» **YOUR ASSIGNMENT**
Exactly the lines below, starting with the one containing "Alanya İlçe Emniyet" and going on through the one containing "USWNT's World Cup", must be reproduced, both ends included, and no pictures with them.

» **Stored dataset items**
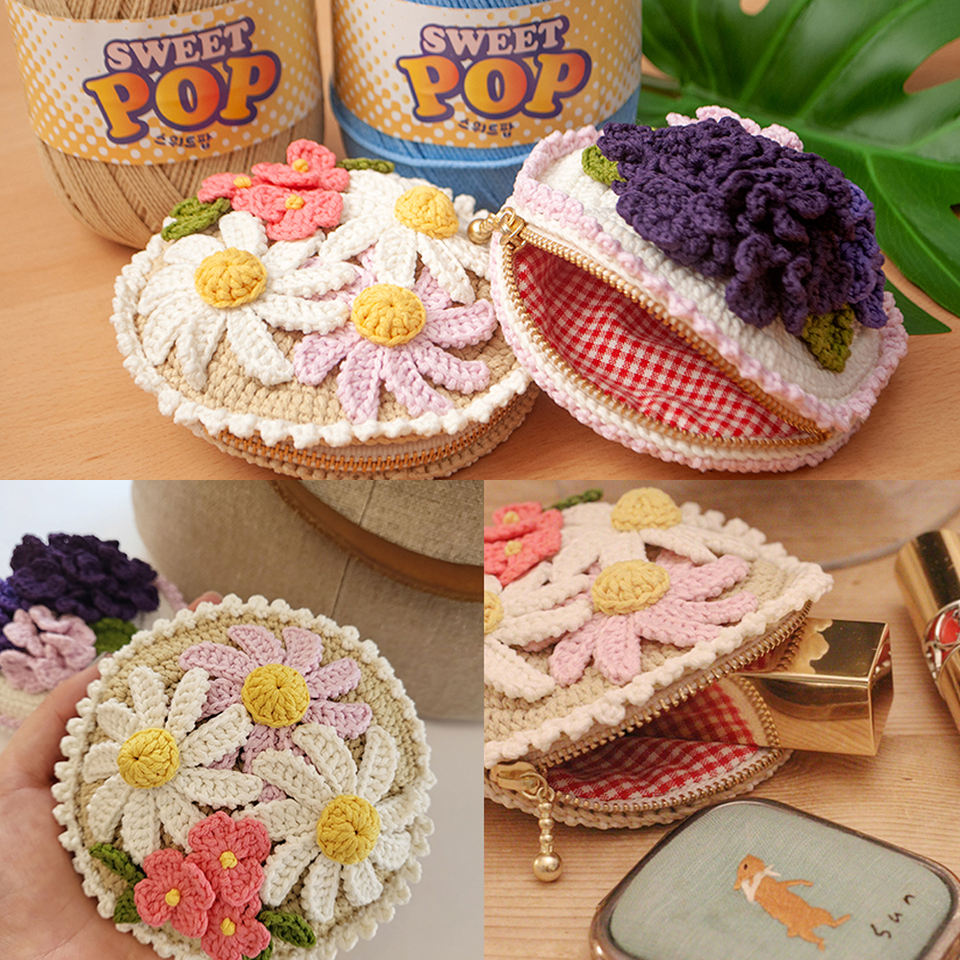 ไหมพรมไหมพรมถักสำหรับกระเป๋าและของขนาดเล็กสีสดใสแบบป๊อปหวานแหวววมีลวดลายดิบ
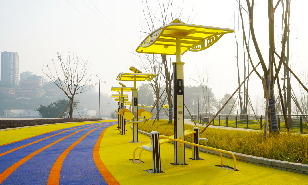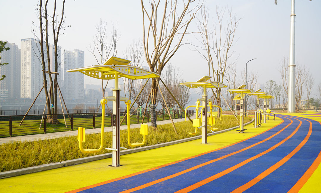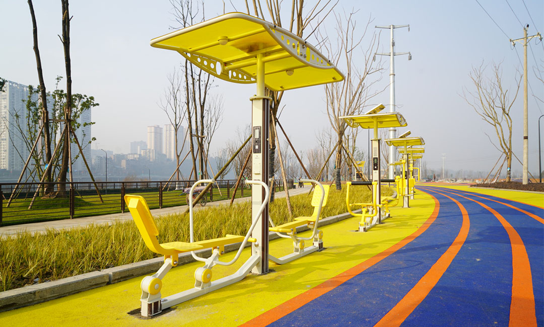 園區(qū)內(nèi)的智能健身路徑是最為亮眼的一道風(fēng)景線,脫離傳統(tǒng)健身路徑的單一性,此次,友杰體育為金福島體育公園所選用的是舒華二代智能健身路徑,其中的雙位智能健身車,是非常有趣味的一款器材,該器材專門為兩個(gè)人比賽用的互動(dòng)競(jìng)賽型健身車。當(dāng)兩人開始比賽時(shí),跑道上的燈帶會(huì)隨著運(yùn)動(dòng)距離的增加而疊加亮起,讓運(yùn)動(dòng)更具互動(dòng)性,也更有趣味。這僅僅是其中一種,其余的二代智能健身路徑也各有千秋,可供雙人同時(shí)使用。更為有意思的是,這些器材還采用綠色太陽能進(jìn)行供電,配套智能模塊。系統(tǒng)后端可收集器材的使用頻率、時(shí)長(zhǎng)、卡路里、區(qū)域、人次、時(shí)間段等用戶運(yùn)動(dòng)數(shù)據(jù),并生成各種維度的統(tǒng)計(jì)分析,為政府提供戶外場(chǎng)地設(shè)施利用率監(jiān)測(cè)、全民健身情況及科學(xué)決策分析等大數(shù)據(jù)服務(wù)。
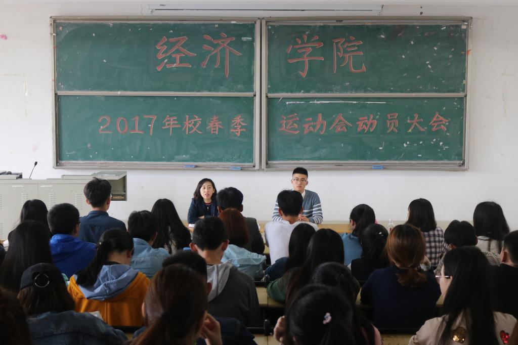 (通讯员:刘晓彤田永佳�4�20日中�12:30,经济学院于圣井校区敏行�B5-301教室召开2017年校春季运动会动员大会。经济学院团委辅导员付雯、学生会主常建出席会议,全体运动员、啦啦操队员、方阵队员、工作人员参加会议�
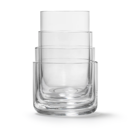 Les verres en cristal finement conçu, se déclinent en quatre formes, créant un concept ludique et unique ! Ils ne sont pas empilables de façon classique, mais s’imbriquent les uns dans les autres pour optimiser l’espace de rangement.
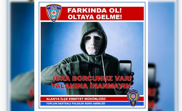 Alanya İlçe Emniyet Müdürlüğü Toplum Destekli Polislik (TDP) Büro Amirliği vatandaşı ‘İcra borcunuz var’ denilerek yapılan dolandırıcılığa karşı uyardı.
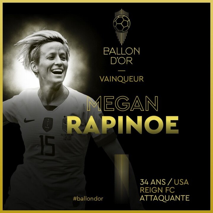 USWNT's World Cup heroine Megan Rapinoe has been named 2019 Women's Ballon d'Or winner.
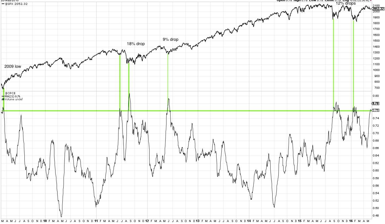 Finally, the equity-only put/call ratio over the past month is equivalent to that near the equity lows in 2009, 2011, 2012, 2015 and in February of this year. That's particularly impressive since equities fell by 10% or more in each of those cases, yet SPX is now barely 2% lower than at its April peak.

» **WRITTEN ANSWER**
 Alanya İlçe Emniyet Müdürlüğü Toplum Destekli Polislik (TDP) Büro Amirliği vatandaşı ‘İcra borcunuz var’ denilerek yapılan dolandırıcılığa karşı uyardı.
 USWNT's World Cup heroine Megan Rapinoe has been named 2019 Women's Ballon d'Or winner.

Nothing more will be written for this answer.